A relation \(R\) on a set \(A\) is said to be a partial order if it is reflexive, antisymmetric, and transitive. A partial order is said to be a total order if for any \(x,y \in A\) either \(x\,R\,y\) or \(y\,R\,x\text{.}\)
Note, some authors require partial orders to be irreflexive instead of reflexive. All that this requires is to delete the diagonal from the relation. Basically everything that can be proven about partial orders in our formulation can be proven in the other formulation, and vice versa. Instead, we we call a relation that is irreflexive, symmetric and transitive a strict partial order.
Let \(\prec\) be a partial order on a set \(A\text{.}\) An element \(x \in A\) is said to be minimal relative to the ordering \(\prec\) if for every \(y \in A\text{,}\) \(y \not\prec x\text{.}\) In other words, there are no elements smaller than \(x\text{.}\) Maximal elements are defined analogously.
An element \(x \in A\) is said to be a minimum if for all \(y \in A\text{,}\) \(x \prec y\text{.}\) Maximum elements are defined analogously.
Prove that if \(A\) has a minimum element relative to the partial order \(\prec\text{,}\) then it is unique (similarly for maximum elements).
Consider the less than partial order \(\lt\) on the real numbers \(\mathbb{R}\text{.}\) Does it have maximum or minimum elements? What about maximal or minimal elements?
Consider a universe \(U\) and the subset relation on the subsets of \(U\text{.}\) Does \(U\) have maximum and minimum elements?
Consider the divides partial order on \(\mathbb{N} \setminus \{1\}\text{,}\) i.e., then integers greater than or equal to \(2\text{.}\) Describe the minimal elements of this partial order and explain your reasoning.
Suppose \(\prec\) is a total order on \(A\text{.}\) There is an induced ordering \(\prec_n\) on \(A^n\) call the lexicographical ordering or dictionary order.
It works like this, given \((x_1,\ldots,x_n), (y_1, \ldots, y_n) \in A^n\text{,}\) if \(x_j = y_j\) for all \(j = 1,\ldots, n\) then \((x_1, \ldots, x_n ) \prec_n (y_1,\ldots, y_n)\text{.}\) Otherwise, let \(k\) be the first index for which \(x_k \not= y_k\text{.}\) If \(x_k \prec y_k\text{,}\) then \((x_1,\ldots, x_n) \prec_n (y_1, \ldots, y_n)\text{,}\) and otherwise \((y_1,\ldots, y_n) \prec_n (x_1, \ldots, x_n)\text{.}\)

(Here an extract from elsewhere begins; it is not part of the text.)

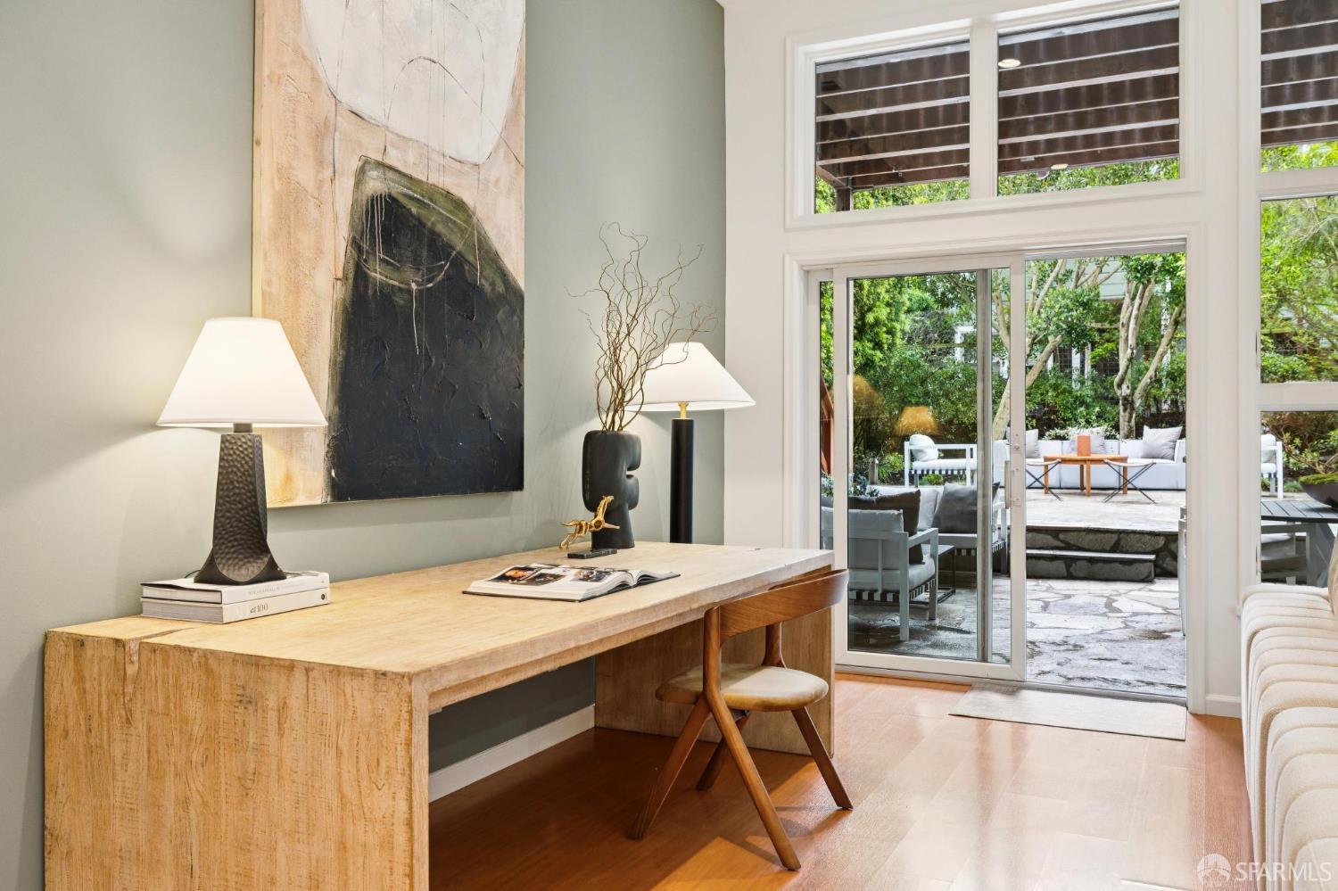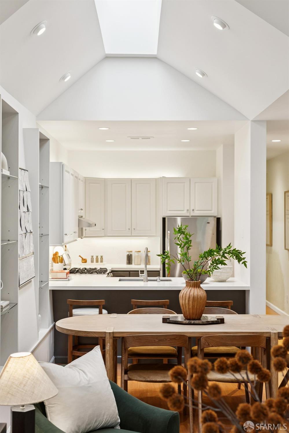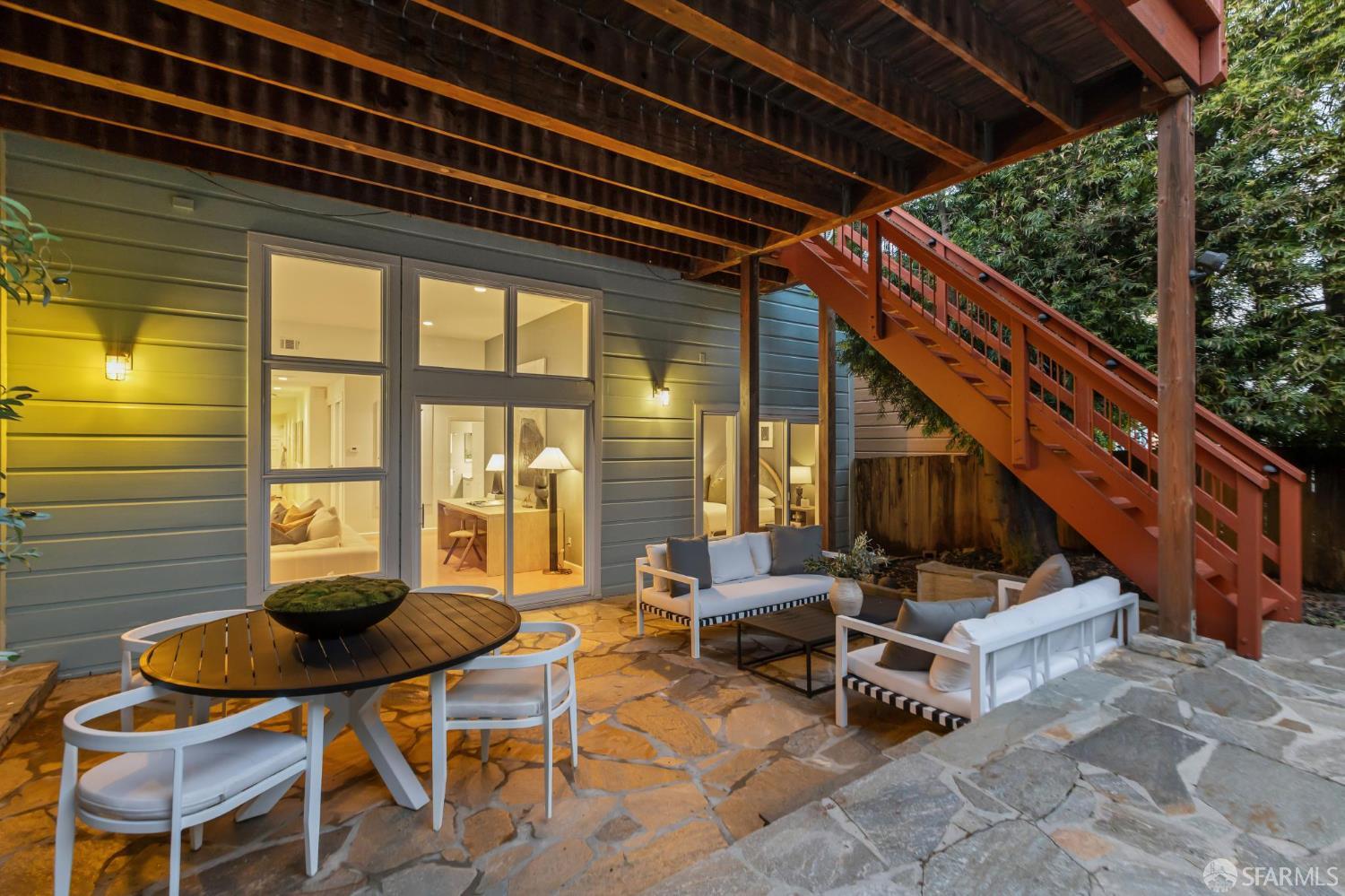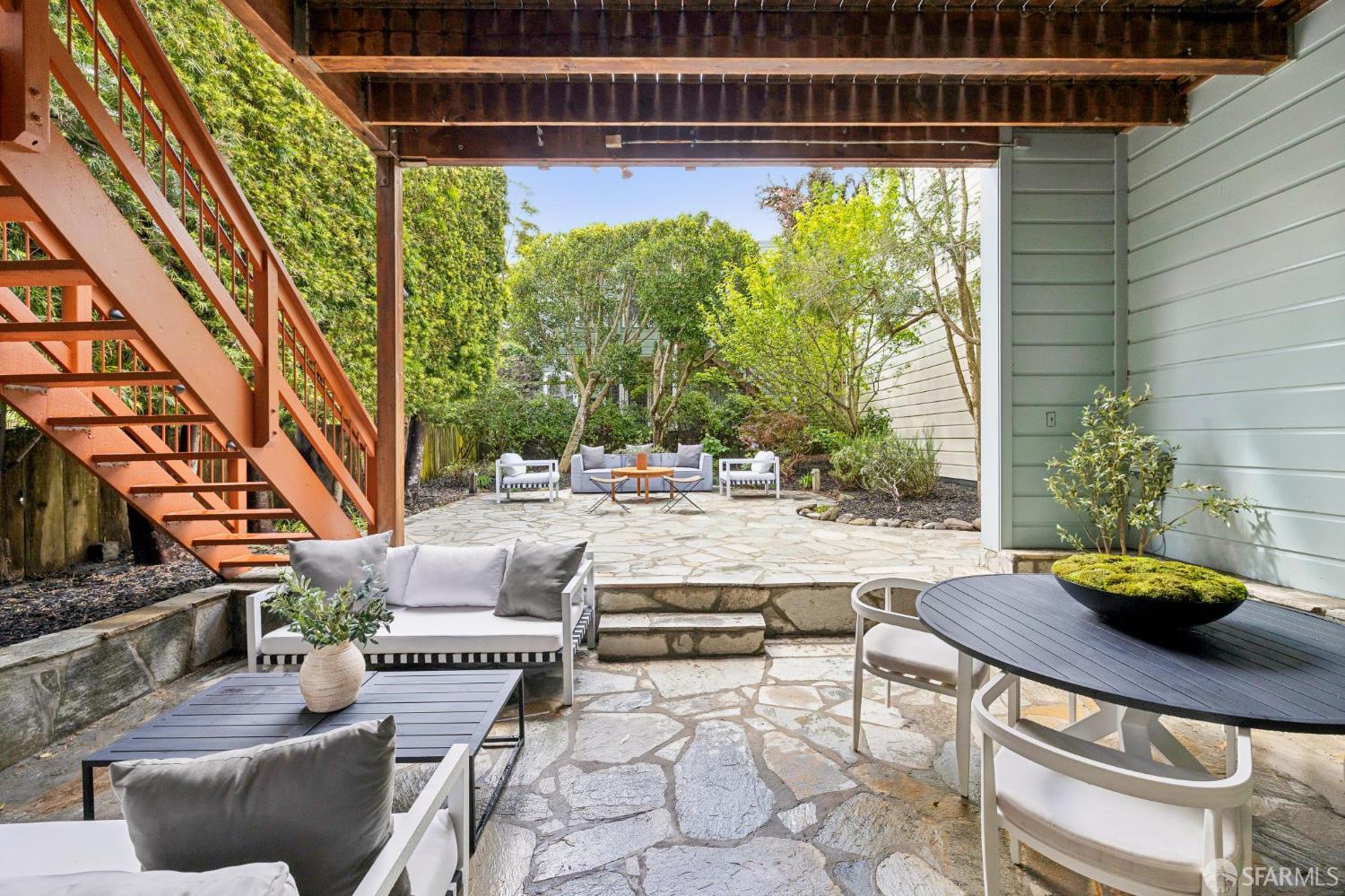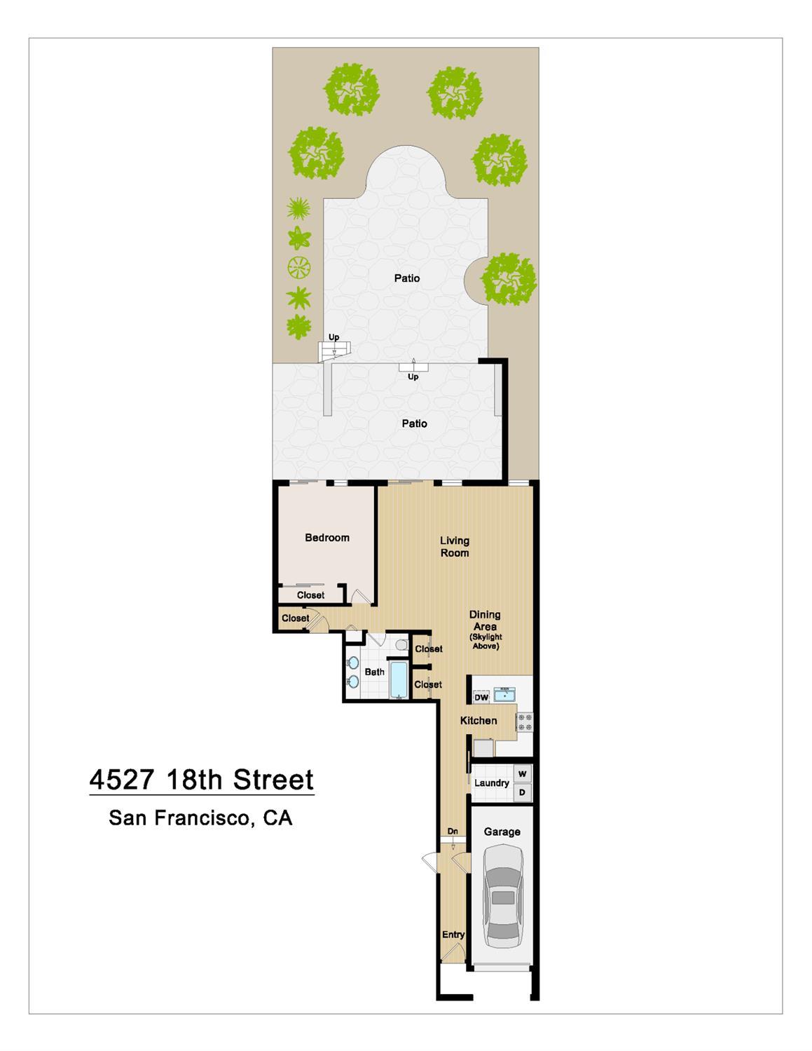 Masterful architecture, lofty scale, and grand, house-like amenities anchor this pristine, one-bedroom condominium, well-appointed, strategically located, and graced with a massive exclusive patio. Soaring ceilings, gallery walls, huge windows and skylights result in an expansive flexible space, flooded with natural light. A sky-lit dining room with soaring ceilings is open to the generously proportioned kitchen with fresh new counters, backsplash, and a layout perfect for entertaining. A separate pantry, in-unit laundry room, private one-car garage, and tremendous storage make this open plan home as comfortable as it is beautiful. Two folks working at home? No problem. Grand scale entertainers? Perfecto. Dogs, urban hikes and ease of getting around town…this is your place! One of two units, set in a serene pocket of Eureka Valley, this sophisticated residence, set back from the charming, tree-lined block, offers city centrality and a sense of retreat. Close to the Castro Village, Kite Hill, Corona Heights and its many tennis courts, Mission Dolores Park, and the historic Castro Theater. This home has it all.

Prove that \(\prec_n\) is a total order on \(A^n\text{.}\)
A total order \(\prec\) on \(A\) is said to be a well order if every nonempty subset of \(A\) has a minimum element with respect to \(A\text{.}\)
On \(\mathbb{N}\text{,}\) we know that \(\lt\) is a well-order. This is precisely the content of the Well-Ordering Principle.
Is \(\lt\) a well ordering on \(\mathbb{R}, \mathbb{Q}\) or \(\mathbb{Z}\text{?}\)
Do you think \(\mathbb{R}, \mathbb{Q}, \mathbb{Z}\) have well-orders of some form or another?
Every set can be well-ordered.
This theorem seems absolutely ridiculous. What does a well-order of \(\mathbb{R}\) look like? The answer is, in short, we don't know. It is actually impossible to write down a formula for one. However, the proof of this theorem and hence the existence of such a well-order is a consequence of the Axiom of Choice, which was originally the most highly contested axiom of early set theory, but not it is almost ubiquitously accepted. Why? Because it makes lots of nice theorems true, like the previous ones (it also makes some very annoying theorems true, but that is a discussion for another day). We will state the Axiom of Choice after we discussion functions.
Let \(\prec\) be a partial order on \(A\) and let \(a \in A\) be a minimum. Then \(a\) is the unique minimal element.
We first show \(a\) is minimal. Notice that for any \(b \in A\text{,}\) we have \(a \prec b\) since \(a\) is a minimum. If \(a \not= b\text{,}\) then by antisymmetry \(b \not\prec a\text{,}\) so \(a\) is minimal.
Now suppose that \(c\) is minimal. Since \(a\) is a minimum, \(a \prec c\text{.}\) By minimality, this can only happen if \(a = c\text{.}\)
There is an analogue of Theorem 3.3.14 for maximum and maximal elements.